Posteriormente, no mesmo mês, o deputado Luiz Claudio Marcolino (PT) apresentou um Substitutivo para o projeto. Marcolino propõe uma alteração no SIGA: em vez de estabelecer a cobrança de mensalidade, o programa concederia aos estudantes um apoio financeiro no valor de um salário mínimo paulista (atualmente de R$1.550,00). Em seu documento, que reformaria a proposta inicial, o parlamentar justifica dizendo que o texto substituto é necessário para reduzir as desigualdades sociais e garantir a conclusão plena do ensino superior por estudantes em situações economicamente vulneráveis.
A advogada explica, ainda em entrevista, que o texto Substitutivo, assim como a Emenda, pode significar um impedimento para a adoção do PL. “Acredito que ele [Marcolino] vai contra porque realmente tem falhas nesse projeto”, acrescenta.
Por fim, o autor do PL adicionou outra Emenda no dia 25 de setembro. Nesse novo texto, Leonardo altera sua proposta original, excluindo da cobrança os estudantes com renda inferior a 20 salários mínimos. O documento inclui também a criação de um fundo de apoio à permanência e formação estudantil, voltado àqueles provenientes de famílias de baixa renda.
Até a última atualização, o PL e seus documentos acessórios foram encaminhados ao deputado Carlos Cezar, membro da Comissão de Constituição, Justiça e Redação (CCJR).
As implicações
Leonardo Siqueira, em seu texto, traça um perfil dos estudantes brasileiros das universidades públicas, com um dado que diz que 56% desses estão entre os 20% mais ricos do país. Porém, segundo a professora, esse levantamento não justifica a formação da lei. “Esse recorte é muito reduzido à classe que têm poder aquisitivo, e não à população de modo geral, e quando ele fala em cobrar essa mensalidade, vai afetar a população de um modo geral”, afirma Kelli. Além disso, a especialista esclarece que a cobrança da mensalidade constituiria uma barreira de impedimento tanto para o acesso ao ensino superior como para a continuidade dos estudos.

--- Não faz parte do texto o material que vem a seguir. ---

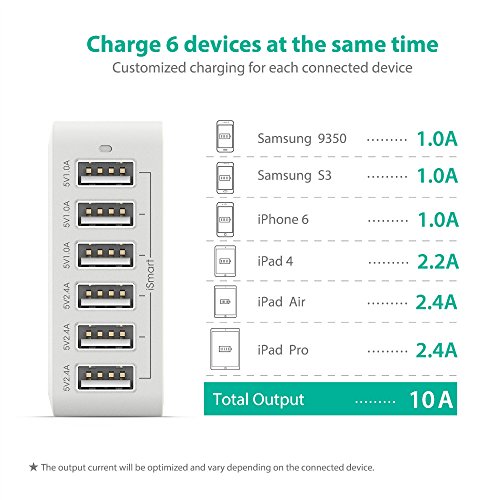 Exclusive iSmart Technology: All 6 USB ports are equipped with iSmart technology, which automatically detects and delivers the optimal charging current for connected devices( Qualcomm Quick Charge 2.0 not supported).

Para Marcela, a adoção da lei afetaria de forma direta os estudantes de baixa renda ingressos nas universidades públicas. “Muitas pessoas vão abandonar os estudos porque não teriam condição de pagar”, lamenta.
Por um outro lado, quando questionada acerca dos impactos sociais da possível aprovação do PL, Kelli Fauth opina que isto não prejudicaria exclusivamente os discentes, mas sim os futuros ingressantes. Dada a sua especialização em vestibulares, explica que o processo seletivo da universidade é focado no perfil dos estudantes que terão acesso a este espaço, logo, pode-se esperar certas alterações nos vestibulares, uma vez que a lei prevê um recorte diferente de estudantes nas instituições estaduais.
Próximos passos
No dia 19 de setembro, o portal de notícias da Unicamp se posicionou frente ao Projeto de Lei nº 672/2024, com argumentos trazidos pelo reitor, pró-reitor e outros docentes da Universidade. Assim como propõe a educadora, a instituição já inicia um processo de manifestação contra a cobrança de mensalidades. “Eu acredito que nós precisamos nos pronunciar, fazer uma manifestação pública de indignação ou de mostrar a justificativa que temos de que isso não procede, não vai ser bom para a realidade atual do Brasil”, aponta Kelli Fauth, também egressa de uma das maiores universidades públicas do país, a Unesp.
A advogada, por sua vez, conclui: “Eu acredito que esse projeto não vai ser aprovado porque, ao meu ver, é totalmente inconstitucional”. Kelli também levanta a questão da inconstitucionalidade da proposta. “A Carta Magna fala que a gratuidade é um direito assegurado pelo Estado. O artigo 206 da Constituição Federal discorre sobre a gratuidade do ensino público em estabelecimentos oficiais”, reitera.
Por fim, um debate sobre a mercantilização do ensino no Brasil também surge e se faz necessário a partir dos acontecimentos recentes.